**Instructions for the task:**
Nothing but the lines below from the one containing "District Administration, Kathua, invites" through the one containing "Antoine Wiertz |" should appear in the answer, exact and without pictures.
-- Source data follows --
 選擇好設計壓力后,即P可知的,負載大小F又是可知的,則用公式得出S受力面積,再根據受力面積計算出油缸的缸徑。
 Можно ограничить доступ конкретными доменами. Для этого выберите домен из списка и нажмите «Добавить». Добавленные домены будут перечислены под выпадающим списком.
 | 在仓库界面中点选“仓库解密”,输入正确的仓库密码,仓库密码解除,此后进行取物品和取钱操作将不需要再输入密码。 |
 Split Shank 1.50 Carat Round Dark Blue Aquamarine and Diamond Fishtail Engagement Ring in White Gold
-- Source data concluded --
-- Source data follows --
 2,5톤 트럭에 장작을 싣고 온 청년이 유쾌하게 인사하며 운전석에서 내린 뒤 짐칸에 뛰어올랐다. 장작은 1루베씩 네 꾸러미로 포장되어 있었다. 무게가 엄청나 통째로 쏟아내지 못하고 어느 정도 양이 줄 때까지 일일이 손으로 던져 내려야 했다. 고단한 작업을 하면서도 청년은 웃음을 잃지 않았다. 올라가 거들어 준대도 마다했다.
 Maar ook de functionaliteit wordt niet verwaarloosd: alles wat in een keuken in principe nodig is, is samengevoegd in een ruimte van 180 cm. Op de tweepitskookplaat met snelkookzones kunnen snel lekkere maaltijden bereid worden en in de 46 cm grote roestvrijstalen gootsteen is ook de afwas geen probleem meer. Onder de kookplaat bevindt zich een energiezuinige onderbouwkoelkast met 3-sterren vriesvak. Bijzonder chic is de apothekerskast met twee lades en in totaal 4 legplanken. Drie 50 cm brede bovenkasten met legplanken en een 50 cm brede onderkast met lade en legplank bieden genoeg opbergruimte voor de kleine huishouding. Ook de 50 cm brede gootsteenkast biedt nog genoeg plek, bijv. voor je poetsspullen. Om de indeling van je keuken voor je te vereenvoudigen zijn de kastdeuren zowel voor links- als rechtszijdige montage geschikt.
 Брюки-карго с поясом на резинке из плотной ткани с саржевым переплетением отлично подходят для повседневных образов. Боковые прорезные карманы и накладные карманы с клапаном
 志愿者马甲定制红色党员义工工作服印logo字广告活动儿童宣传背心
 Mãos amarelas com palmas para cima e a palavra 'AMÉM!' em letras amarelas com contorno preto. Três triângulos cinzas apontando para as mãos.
-- Source data concluded --
-- Source data follows --
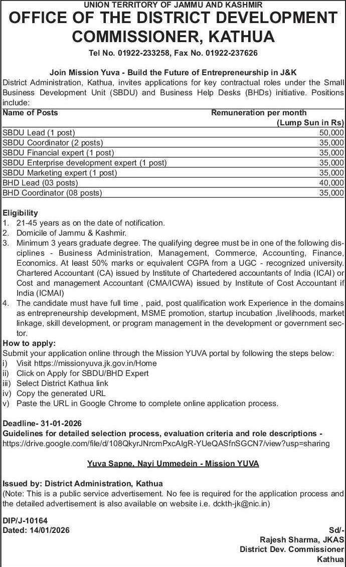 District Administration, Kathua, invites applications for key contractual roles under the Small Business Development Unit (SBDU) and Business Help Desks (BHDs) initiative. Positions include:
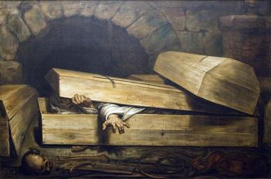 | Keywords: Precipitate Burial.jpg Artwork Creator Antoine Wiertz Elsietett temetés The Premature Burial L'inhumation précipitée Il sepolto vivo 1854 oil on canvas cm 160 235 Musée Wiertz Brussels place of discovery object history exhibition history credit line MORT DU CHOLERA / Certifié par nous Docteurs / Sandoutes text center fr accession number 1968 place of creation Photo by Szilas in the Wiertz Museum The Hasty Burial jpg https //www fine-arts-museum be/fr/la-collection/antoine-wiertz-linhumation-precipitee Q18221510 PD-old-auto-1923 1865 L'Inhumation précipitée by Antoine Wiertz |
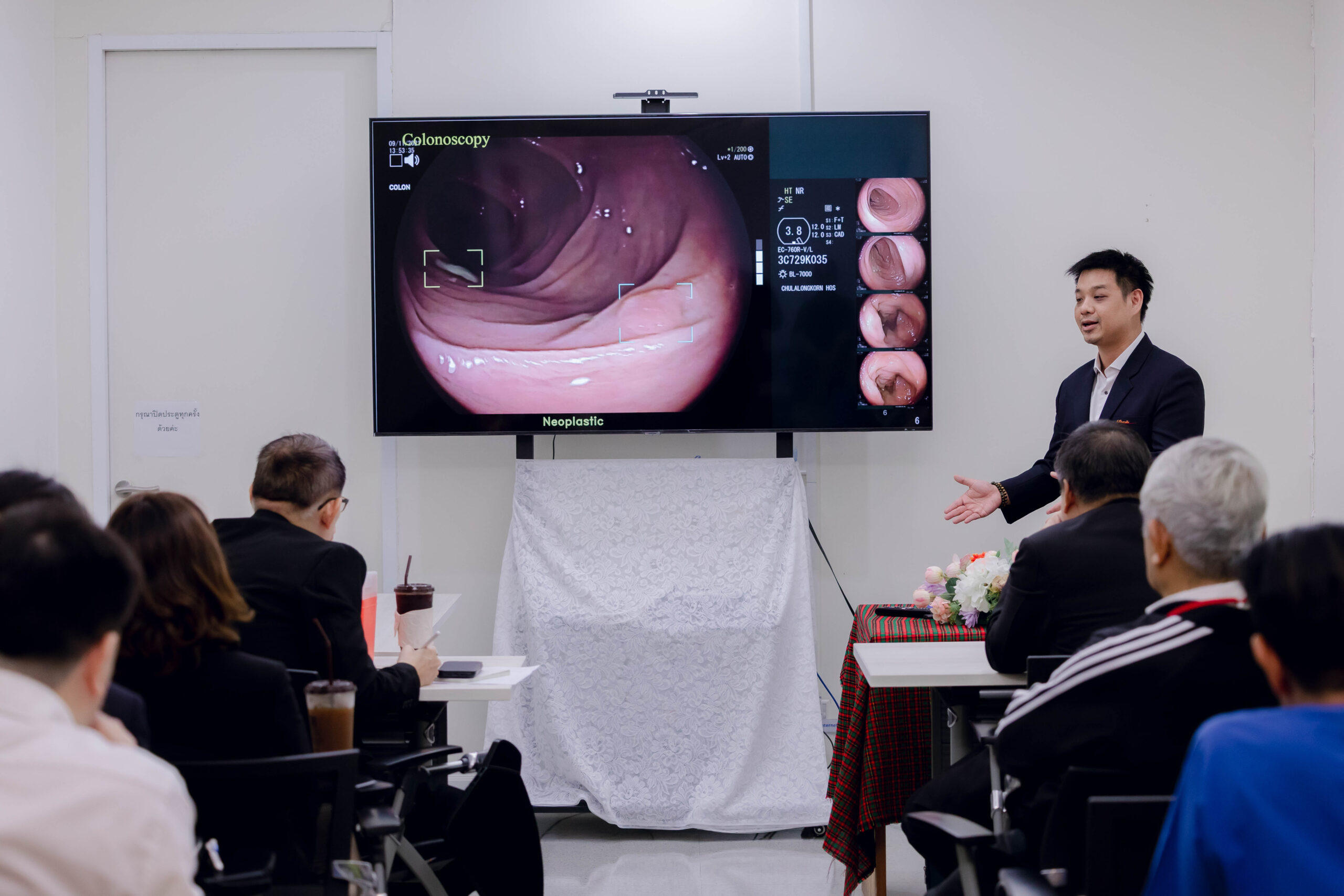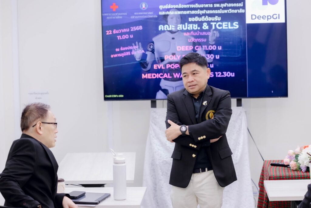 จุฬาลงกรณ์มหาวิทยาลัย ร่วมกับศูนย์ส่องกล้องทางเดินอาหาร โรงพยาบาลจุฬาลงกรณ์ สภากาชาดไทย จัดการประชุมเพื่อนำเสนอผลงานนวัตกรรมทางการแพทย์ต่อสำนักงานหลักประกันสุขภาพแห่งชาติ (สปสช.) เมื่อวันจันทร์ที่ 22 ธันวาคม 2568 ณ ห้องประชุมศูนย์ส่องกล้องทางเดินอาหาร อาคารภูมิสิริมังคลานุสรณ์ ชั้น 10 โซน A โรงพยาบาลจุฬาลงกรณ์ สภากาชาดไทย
-- Source data concluded --
**Exercise response:**
 District Administration, Kathua, invites applications for key contractual roles under the Small Business Development Unit (SBDU) and Business Help Desks (BHDs) initiative. Positions include:
 | Keywords: Precipitate Burial.jpg Artwork Creator Antoine Wiertz Elsietett temetés The Premature Burial L'inhumation précipitée Il sepolto vivo 1854 oil on canvas cm 160 235 Musée Wiertz Brussels place of discovery object history exhibition history credit line MORT DU CHOLERA / Certifié par nous Docteurs / Sandoutes text center fr accession number 1968 place of creation Photo by Szilas in the Wiertz Museum The Hasty Burial jpg https //www fine-arts-museum be/fr/la-collection/antoine-wiertz-linhumation-precipitee Q18221510 PD-old-auto-1923 1865 L'Inhumation précipitée by Antoine Wiertz |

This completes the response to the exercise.